Dr. Thelma Sharp-Cook, BEd ’58

Professor emerita in the Faculty of Education at the University of British Columbia, Thelma Sharp-Cook, built a career distinguished by her persistent efforts to make studies at UBC more accessible to Aboriginal students. Drawing on her own personal experiences as a graduate of UBC’s Bachelor of Education program in 1958, she has been able to remove many of the barriers to post-secondary education that students previously experienced.

Sharp-Cook initially joined the Faculty of Education as an assistant professor in sociology and education, where she impacted students as an educator. During her time as the director of the Native Indian Teacher Education Program (NITEP) she assumed responsibility for raising scholarship and bursary funding for Aboriginal students. Her success allowed countless students to access quality education that had previously been out of reach. These efforts earned her the Women of Distinction Award from the YWCA in 1987.

Sharp-Cook was instrumental in creating Wesbrook Scholars, one of the university’s most prestigious awards. Through her position as chair of the Senate Awards Committee, she established this award in order to support outstanding graduating students that have shown a commitment to community service. Following this success, Sharp-Cook continued her fundraising work, which led to the creation of the Thelma Sharp Cook Scholarship, an award that recognizes leadership, athletic achievement, and community contributions alongside academic standing.

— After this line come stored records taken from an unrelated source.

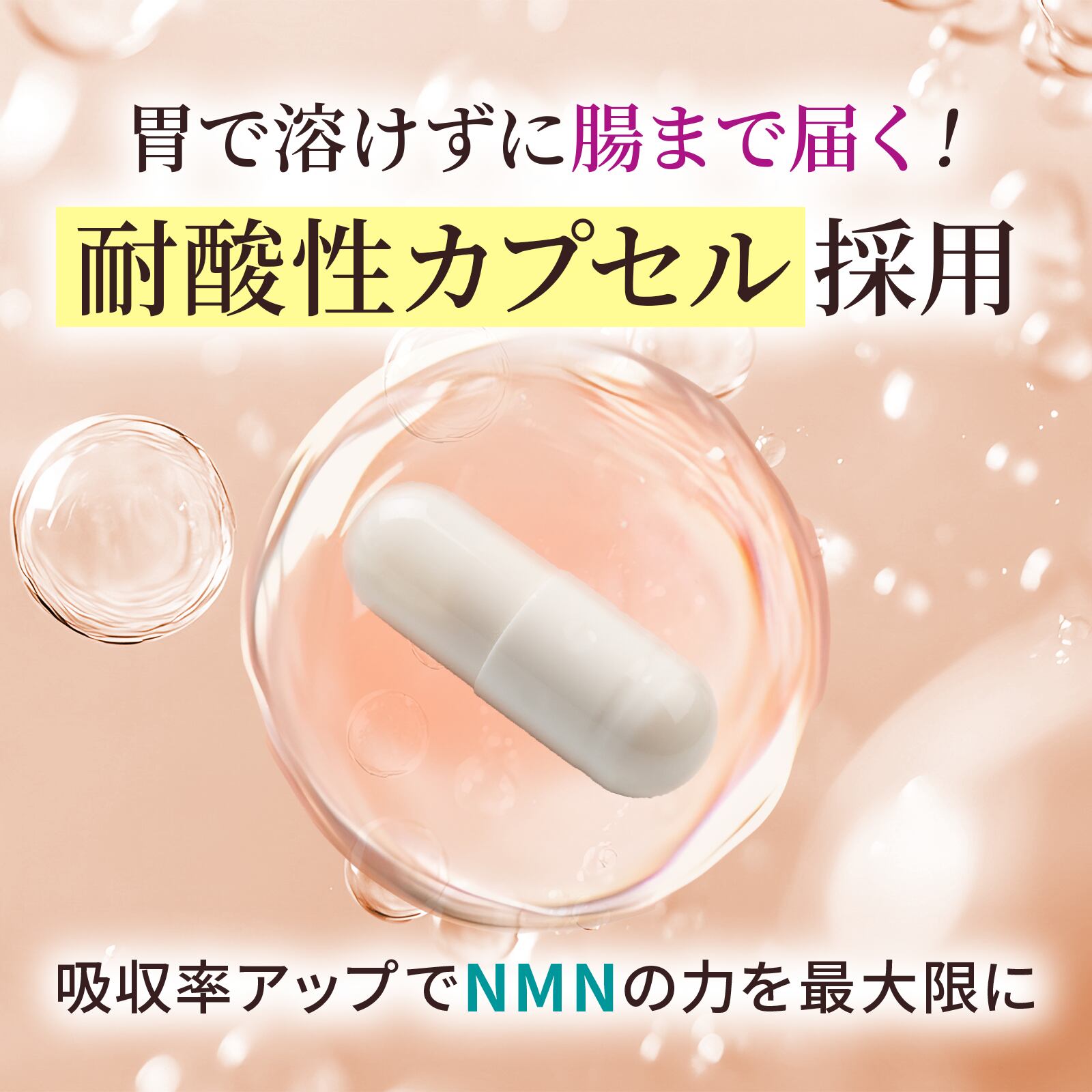 1粒に300mgのNMNを配合し、30日間で合計9000mgをしっかり補給。科学的に効果が証明されたNMN(β-ニコチンアミドモノヌクレオチド)の力を最大限に引き出し、日本製だからこそ、安心・安全な毎日のエイジングケアをお届けします。
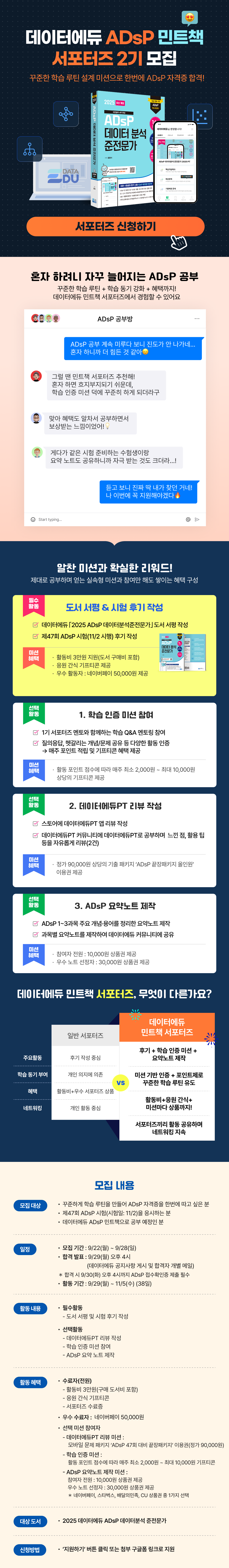 [(주)데이터에듀] 데이터에듀 ADsP 민트책 서포터즈 2기 모집
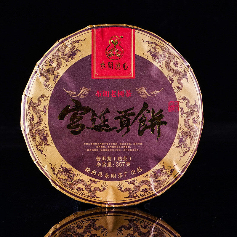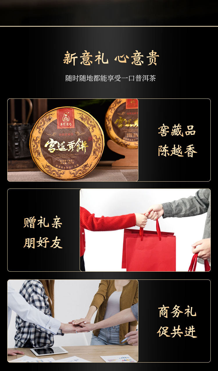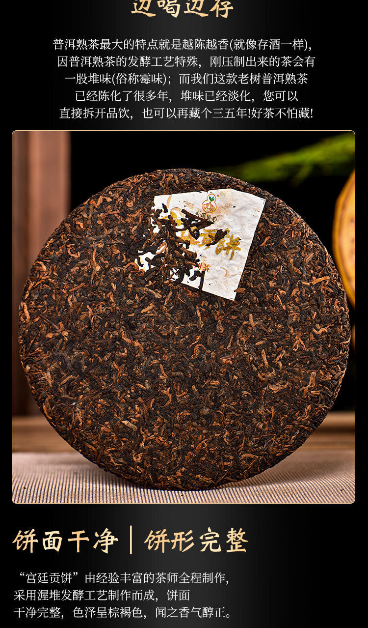 357g Pu'er Ripe Tea Ancient Tree Imperial Tribute Cake Yunnan Menghai Qizi Cake
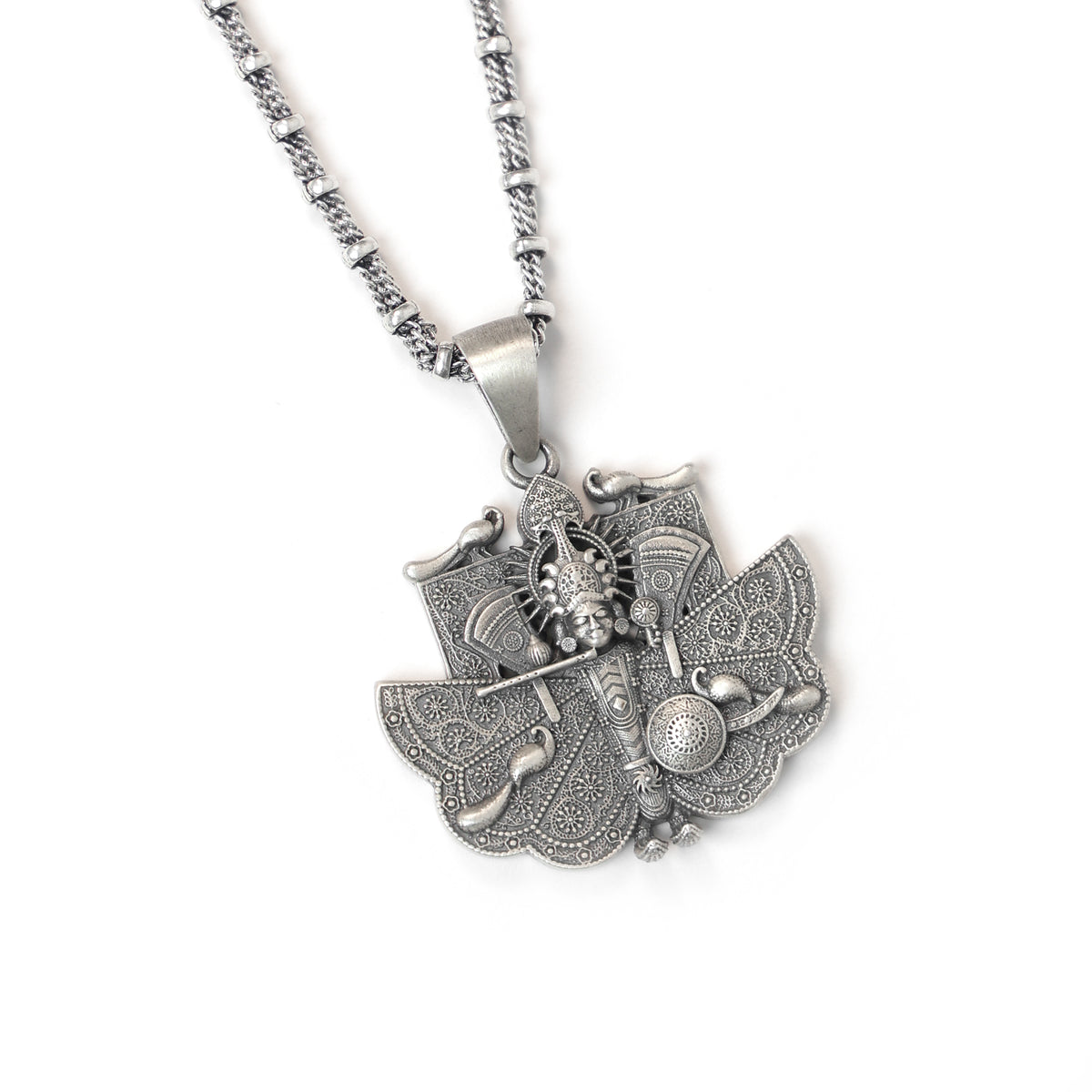 This Silver Sanwariya Seth Pendant is meticulously crafted from 925 sterling silver, symbolizing divine protection, prosperity, and devotion. The design features Sanwariya Seth, a revered figure, beautifully depicted with intricate detailing, bringing blessings of wealth, strength, and spiritual growth.
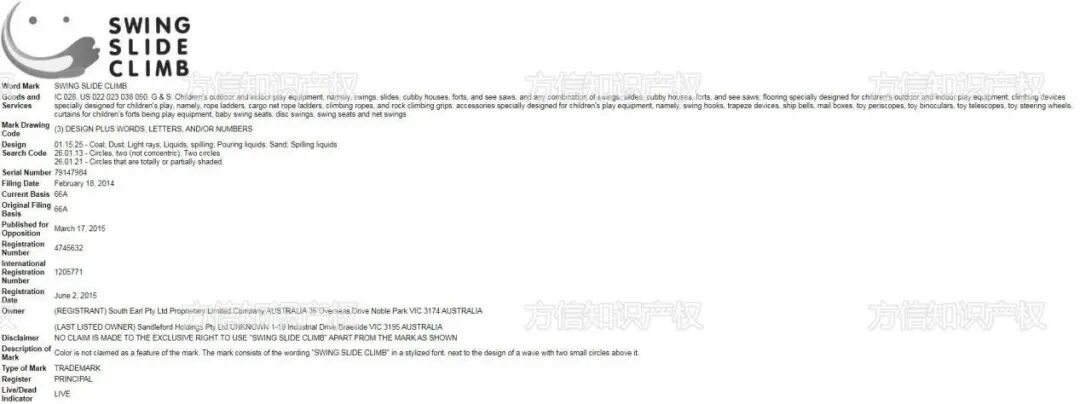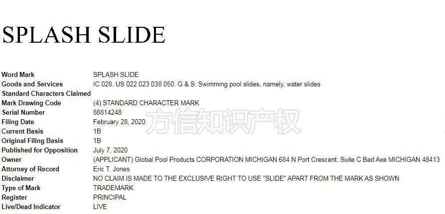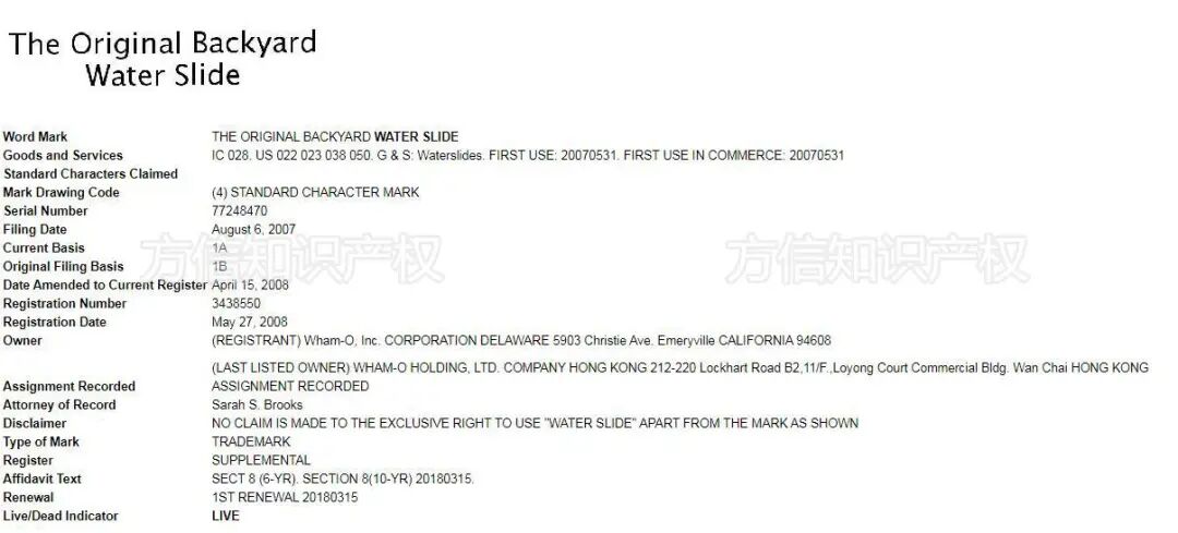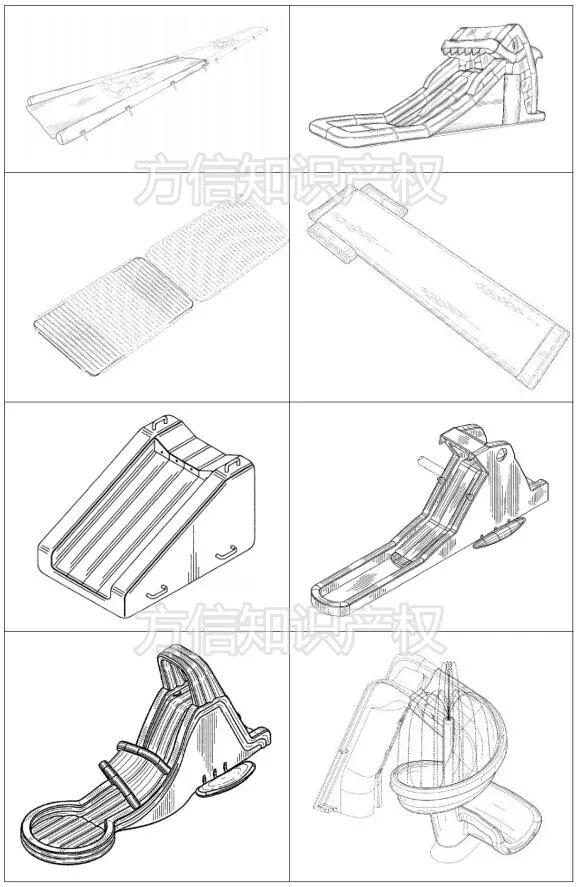 最近三个月的谷歌趋势也明显显示为增长趋势,热度up! 但是,跟热度一起上涨的还有大家熟悉的侵权风险,那么这款产品有哪些潜在侵权风险呢? 需要关注的第一个问题是,是否存在关键词侵权?有没有人已经申请waterslides 为商标名称呢?经过检索发现,美国28类中有两个商标名称中含有 waterslide 这样的描述,即MY1ST WATER SLIDE和THEORIGINAL BACKYARD WATER SLIDE 。 可以看到两个商标中的产品都是关于水滑梯的,但都被要求放弃 WATERSLIDE 的商标专用权,所以就关键词上基本不必担心用了WATERSLIDE就会涉及商标侵权。 但仍需警惕一些描述性的词语如 splash,SWING 和 slide 滑梯的结合类描述,有可能相似商标正在申请中或者已注册,如 SWINGSLIDE CLIMB 和 SPLASHSLIDE 。 (美国商标MY1ST WATER SLIDE) (美国商标THEORIGINAL BACKYARD WATER SLIDE) (美国商标SPLASHSLIDE) (美国商标SWINGSLIDE CLIMB) 跟此前介绍过的飞溅垫一样,外观设计是最危险的侵权点。在美国和欧盟都有不少关于水滑梯的外观专利。 (部分美国水滑梯外观专利) 新近申请的美国外观专利,可以看出相比之前的高耸的滑梯,更加贴近地面并且摘除了水池的部分,更加简易方便,在小庭院中更加施展得开。 此外,也会强调两侧的边边可以形成滑梯的水流。故想要销售相似的产品更要注意一下热门产品的设计方向,避开相似点,准备上架的朋友们也应做好相关了解,不使用他人官网产品图片,了解是否是他人专利产品。 今夏盛行的又一款水元素产品——水滑梯,依然是风险与机遇并行,选品的时候需注意: 虽然 water slide 基本不会造成关键词侵权,但需要关注一些擦边球的描述性词语,如正在公告的 splash slide ,避免关键词被抓 版权侵权主要是其他品牌的官网图片,可远观而不可挪用 外观专利是重中之重,如果是自主设计产品,今早申请相关外观专利保护;如果是第三方销售,需在上架前做好市场知识产权相关调查,避开相似产品风险

Sharp-Cook served as president of the UBC Association of Professors Emeriti and as governor and chair of the Leon and Thea Koerner Foundation. In recognition of her lifelong community service and dedication to the university, Sharp-Cook was given the Faculty Citation Award by the UBC Alumni Association, and was recently honoured with carrying the UBC mace during graduation ceremonies. Though now retired, she continues to give back to the university as a member of the President’s Committee on Campus Enhancement, the UBC Dean of Education’s External Advisory Committee, and the UBC Advisory Committee on Heritage Policy.